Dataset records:
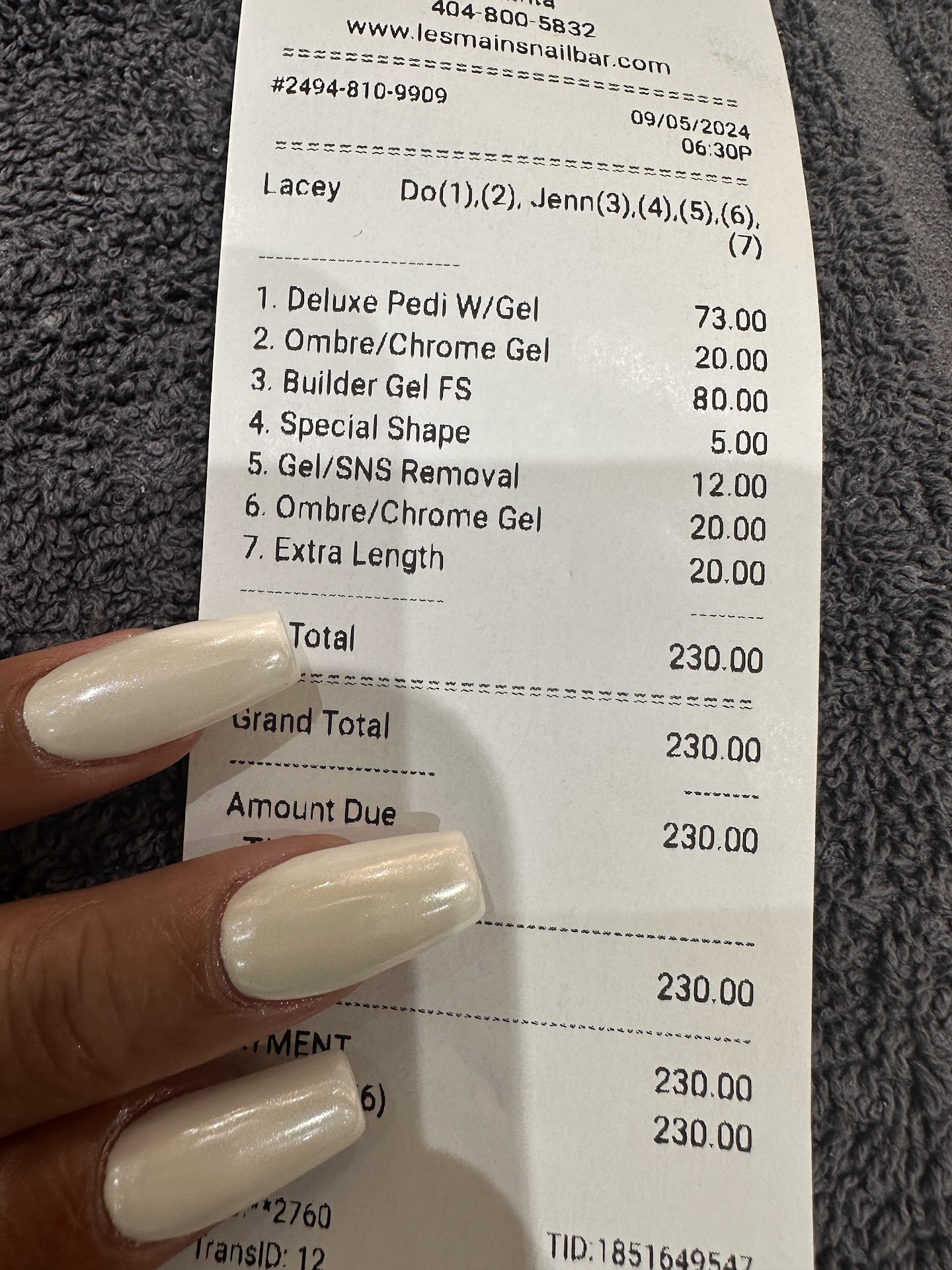 Read moreI’ve been a loyal customer of Les Mains Nail Bar at The Works since January 2022. I regularly booked pedicures with Lewis and, for the last year or so, SNS manicures with Jenny. I always tipped at least 20%, arrived on time (if not early) for my bi-weekly 9:30 AM appointments, and was consistently kind and respectful to everyone.
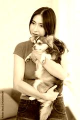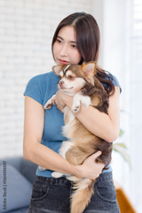 Photo of asian young beautiful woman happy smile tender cuddling little chihuahua cute puppy dog while holding hugging playing animals in arms in living room at home concept enjoy time love pet friend
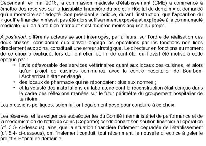 La Chambre des Comptes signale que les pressions politiques pourraient éventuellement avoir conduit à faire ces mauvais choix, cela n'intéresse pas beaucoup la presse locale qui n'est pas très curieuse. Tout cela a pu conduire à geler le projet "Hôpital de demain".
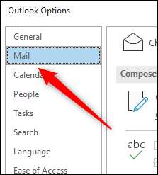 Fönstret "Outlook Options" visas. Här klickar du på fliken "Mail".
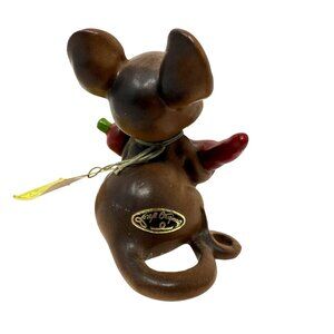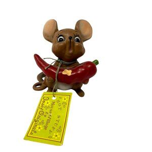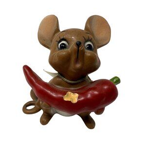 Adorable vintage Josef Originals Mouse Village figurine titled “Hot Stuff.” This whimsical ceramic mouse is holding a bright red chili pepper and comes with its original hang tag still attached. With big expressive eyes and charming hand-painted details, this figurine is part of the highly collectible Josef Originals Mouse Village line.
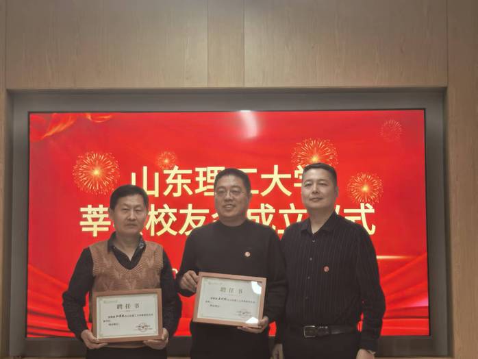崔兆强宣读校友总会《关于同意山东理工大学莘县校友会成立的批复》,批准莘县校友会成立,聘任王世朋担任会长,张曙光担任秘书长。
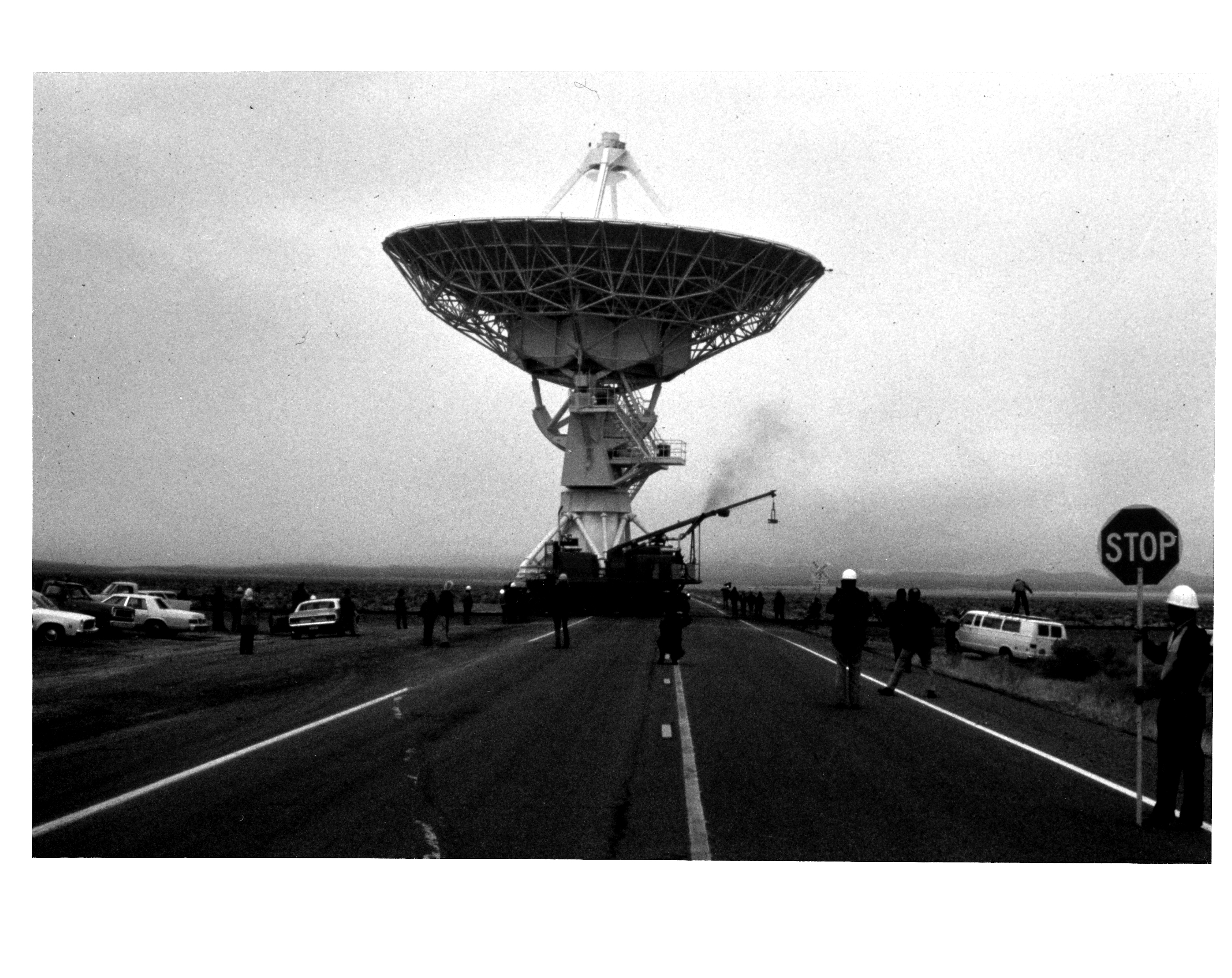 A VLA antenna crosses Rt. 66 during a configuration change. (Archive18412-bright.jpg)
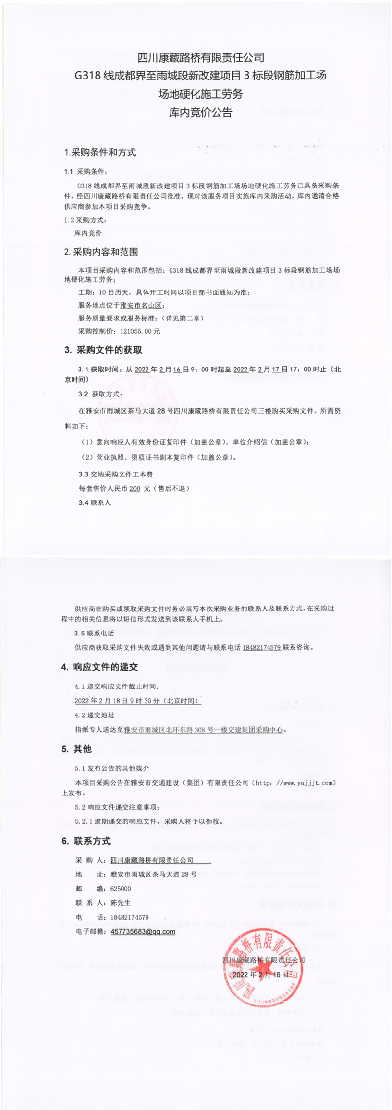 四川康藏路桥有限责任公司G318线成都界至雨城段新改建项目3标段钢筋加工场场地硬化施工劳务库内竞价公告
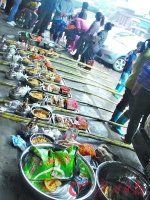 中標男青年告訴記者,之所以愿意以高價拍得一套百元左右的祭品,是因為這些祭品含有祖先庇佑的意頭。
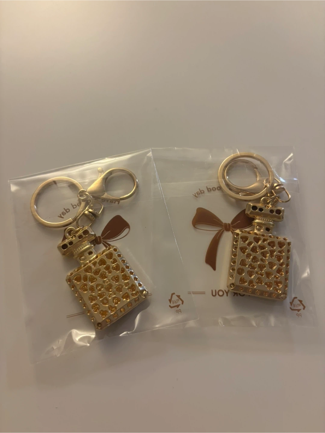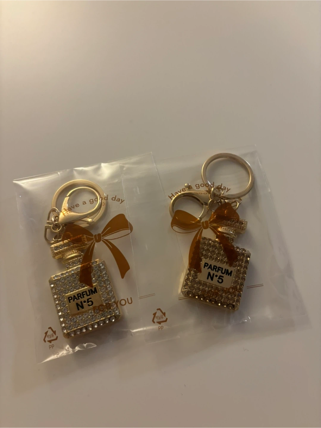 Cute Parfum N°5 bottle keychain in gold! Perfect for adding a touch of sparkle to your keys or bag. Brand new and still in the original packaging.

* _YOUR GOAL_:
Send back the data above word for word, with the pictures left out.

* _RESULT FOR THIS TASK_:
 Read moreI’ve been a loyal customer of Les Mains Nail Bar at The Works since January 2022. I regularly booked pedicures with Lewis and, for the last year or so, SNS manicures with Jenny. I always tipped at least 20%, arrived on time (if not early) for my bi-weekly 9:30 AM appointments, and was consistently kind and respectful to everyone.
 Photo of asian young beautiful woman happy smile tender cuddling little chihuahua cute puppy dog while holding hugging playing animals in arms in living room at home concept enjoy time love pet friend
 La Chambre des Comptes signale que les pressions politiques pourraient éventuellement avoir conduit à faire ces mauvais choix, cela n'intéresse pas beaucoup la presse locale qui n'est pas très curieuse. Tout cela a pu conduire à geler le projet "Hôpital de demain".
 Fönstret "Outlook Options" visas. Här klickar du på fliken "Mail".
 Adorable vintage Josef Originals Mouse Village figurine titled “Hot Stuff.” This whimsical ceramic mouse is holding a bright red chili pepper and comes with its original hang tag still attached. With big expressive eyes and charming hand-painted details, this figurine is part of the highly collectible Josef Originals Mouse Village line.
崔兆强宣读校友总会《关于同意山东理工大学莘县校友会成立的批复》,批准莘县校友会成立,聘任王世朋担任会长,张曙光担任秘书长。
 A VLA antenna crosses Rt. 66 during a configuration change. (Archive18412-bright.jpg)
 四川康藏路桥有限责任公司G318线成都界至雨城段新改建项目3标段钢筋加工场场地硬化施工劳务库内竞价公告
 中標男青年告訴記者,之所以愿意以高價拍得一套百元左右的祭品,是因為這些祭品含有祖先庇佑的意頭。
 Cute Parfum N°5 bottle keychain in gold! Perfect for adding a touch of sparkle to your keys or bag. Brand new and still in the original packaging.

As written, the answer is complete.